Random processes and random variables may be at the heart of probability and statistics, but computers cannot generate anything “truly” random. Instead they can generate pseudo-random numbers using random number generators (RNGs). Constructing a random number generator is a hard problem and wherever possible you should use a well-tested RNG rather than attempting to write your own.

Python has many ways of generating random numbers. Perhaps the most useful are given by the numpy.random <http://docs.scipy.org/doc/numpy/reference/routines.random.html>__ module, which can generate a numpy array filled with random numbers from various distributions. For example:

In [20]:

from numpy import random

uniform = random.rand(10000)
normal = random.randn(10000)

fig = pyplot.figure()
ax1.hist(uniform, 20)
ax1.set_title('Uniform data')
ax2.hist(normal, 20)
ax2.set_title('Normal data')
fig.tight_layout()
fig.show();

/Users/ih3/anaconda/lib/python3.4/site-packages/matplotlib/figure.py:397: UserWarning: matplotlib is currently using a non-GUI backend, so cannot show the figure
"matplotlib is currently using a non-GUI backend, "


## More distributions¶

Whilst the standard distributions are given by the convenience functions above, the full documentation of numpy.random <http://docs.scipy.org/doc/numpy/reference/routines.random.html>__ shows many other distributions available. For example, we can draw samples from the Beta distribution using the parameters as

In [21]:

beta_samples = random.beta(0.5, 0.5, 10000)

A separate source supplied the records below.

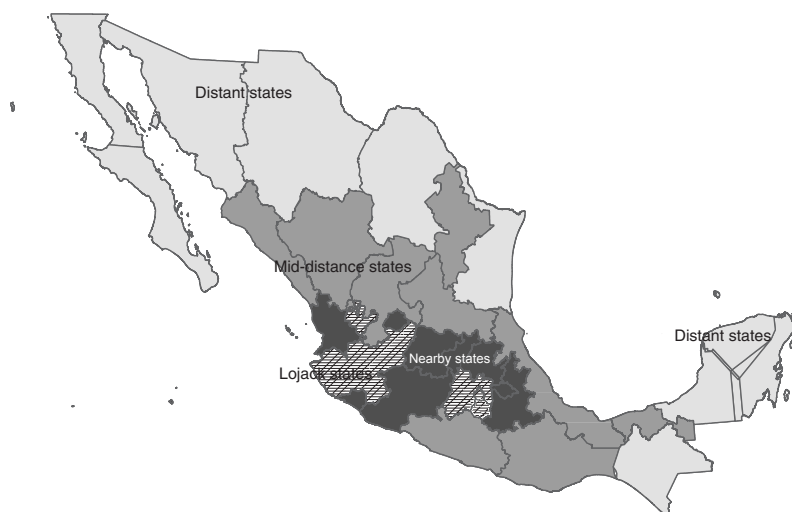
FIGURE 1. LOJACK STATES AND NON-LOJACK STATES

Notes: Non-Lojack states grouped by terciles of distance from state capital to nearest Lojack state capital.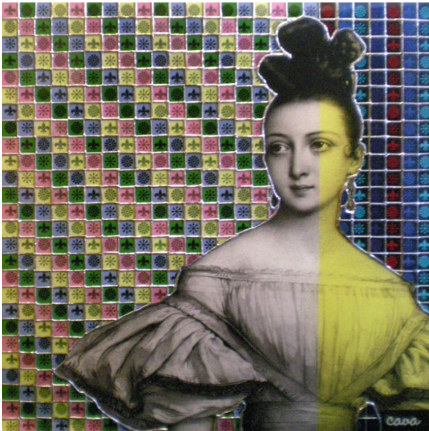
"Millie Plessis" by Joseph Cavalieri, 2011. Print, glass, solder, steel frame set into a wall hung light box, 40 x 40 x 3 inches.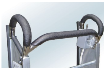
Magnum Handle Upgrade Standard Accessory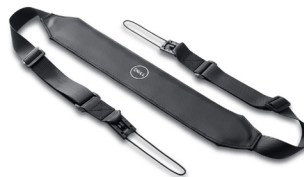
Shoulder Strap - SWT-SHSTP

Reversible, removable handle with angled design makes it easy to reach the controls in the tablet's configurable bay.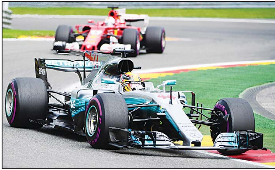
This file photo taken on Aug 27, 2017 shows Mercedes' British driver Lewis Hamilton driving ahead of Ferrari's German driver Sebastian Vettel during the Belgian Formula One Grand Prix at the Spa-Francorchamps circuit in Spa.

But Wolff added: "We have made good progress in understanding what we need to do in order to get the most from the chassis ... It's a weekend when every part of the team needs to be at its best if you wish to score a strong finish.

pyplot.hist(beta_samples, 20)
pyplot.title('Beta data')
pyplot.show();


We can do this times and compute the mean of each set of samples:

In [22]:

n_trials = 5000
beta_means = numpy.zeros((n_trials,))

for trial in range(n_trials):
beta_samples = random.beta(0.5, 0.5, 10000)
beta_means[trial] = numpy.mean(beta_samples)

pyplot.hist(beta_means, 20)
pyplot.title('Mean of Beta trials')
pyplot.show();


Here we see the Central Limit Theorem in action: the distribution of the means appears to be normal, despite the distribution of any individual trial coming from the Beta distribution, which looks very different.

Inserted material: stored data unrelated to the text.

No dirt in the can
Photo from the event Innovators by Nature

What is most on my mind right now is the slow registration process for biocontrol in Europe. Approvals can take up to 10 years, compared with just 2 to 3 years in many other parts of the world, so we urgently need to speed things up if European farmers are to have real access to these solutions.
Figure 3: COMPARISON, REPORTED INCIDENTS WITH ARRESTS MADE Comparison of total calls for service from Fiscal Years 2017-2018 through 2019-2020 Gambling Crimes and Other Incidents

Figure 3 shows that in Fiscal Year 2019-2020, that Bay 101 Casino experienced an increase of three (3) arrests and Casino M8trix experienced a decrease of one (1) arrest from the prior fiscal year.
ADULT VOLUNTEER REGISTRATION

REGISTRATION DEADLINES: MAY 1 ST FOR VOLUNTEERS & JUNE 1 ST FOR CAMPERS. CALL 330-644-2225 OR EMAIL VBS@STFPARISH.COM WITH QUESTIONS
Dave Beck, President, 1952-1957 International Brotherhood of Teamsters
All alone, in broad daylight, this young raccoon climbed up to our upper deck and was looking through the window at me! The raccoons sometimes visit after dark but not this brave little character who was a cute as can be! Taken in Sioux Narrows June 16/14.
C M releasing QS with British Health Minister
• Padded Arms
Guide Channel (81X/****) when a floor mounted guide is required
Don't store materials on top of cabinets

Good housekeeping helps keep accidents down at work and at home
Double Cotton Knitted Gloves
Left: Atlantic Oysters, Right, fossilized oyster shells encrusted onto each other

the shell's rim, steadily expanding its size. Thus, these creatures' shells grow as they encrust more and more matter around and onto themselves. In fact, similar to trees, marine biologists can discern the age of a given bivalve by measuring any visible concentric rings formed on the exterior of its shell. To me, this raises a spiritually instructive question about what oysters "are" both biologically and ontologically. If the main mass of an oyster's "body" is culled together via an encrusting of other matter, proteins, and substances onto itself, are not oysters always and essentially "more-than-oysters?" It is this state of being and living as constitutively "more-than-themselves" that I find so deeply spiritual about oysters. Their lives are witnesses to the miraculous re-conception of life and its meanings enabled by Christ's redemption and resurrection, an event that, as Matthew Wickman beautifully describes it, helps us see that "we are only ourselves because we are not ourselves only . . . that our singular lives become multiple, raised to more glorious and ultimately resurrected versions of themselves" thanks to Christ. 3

# Exercise: Anscombe’s quartet¶

Four separate datasets are given:

x y x y x y x y
10.0 8.04 10.0 9.14 10.0 7.46 8.0 6.58
8.0 6.95 8.0 8.14 8.0 6.77 8.0 5.76
13.0 7.58 13.0 8.74 13.0 12.74 8.0 7.71
9.0 8.81 9.0 8.77 9.0 7.11 8.0 8.84
11.0 8.33 11.0 9.26 11.0 7.81 8.0 8.47
14.0 9.96 14.0 8.10 14.0 8.84 8.0 7.04
6.0 7.24 6.0 6.13 6.0 6.08 8.0 5.25
4.0 4.26 4.0 3.10 4.0 5.39 19.0 12.50
12.0 10.84 12.0 9.13 12.0 8.15 8.0 5.56
7.0 4.82 7.0 7.26 7.0 6.42 8.0 7.91
5.0 5.68 5.0 4.74 5.0 5.73 8.0 6.89

## Exercise 1¶

Using standard numpy operations, show that each dataset has the same mean and standard deviation, to two decimal places.

## Exercise 2¶

Using the standard scipy function, compute the linear regression of each data set and show that the slope and correlation coefficient match to two decimal places.

## Exercise 3¶

Plot each dataset. Add the best fit line. Then look at the description of Anscombe’s quartet, and consider in what order the operations in this exercise should have been done.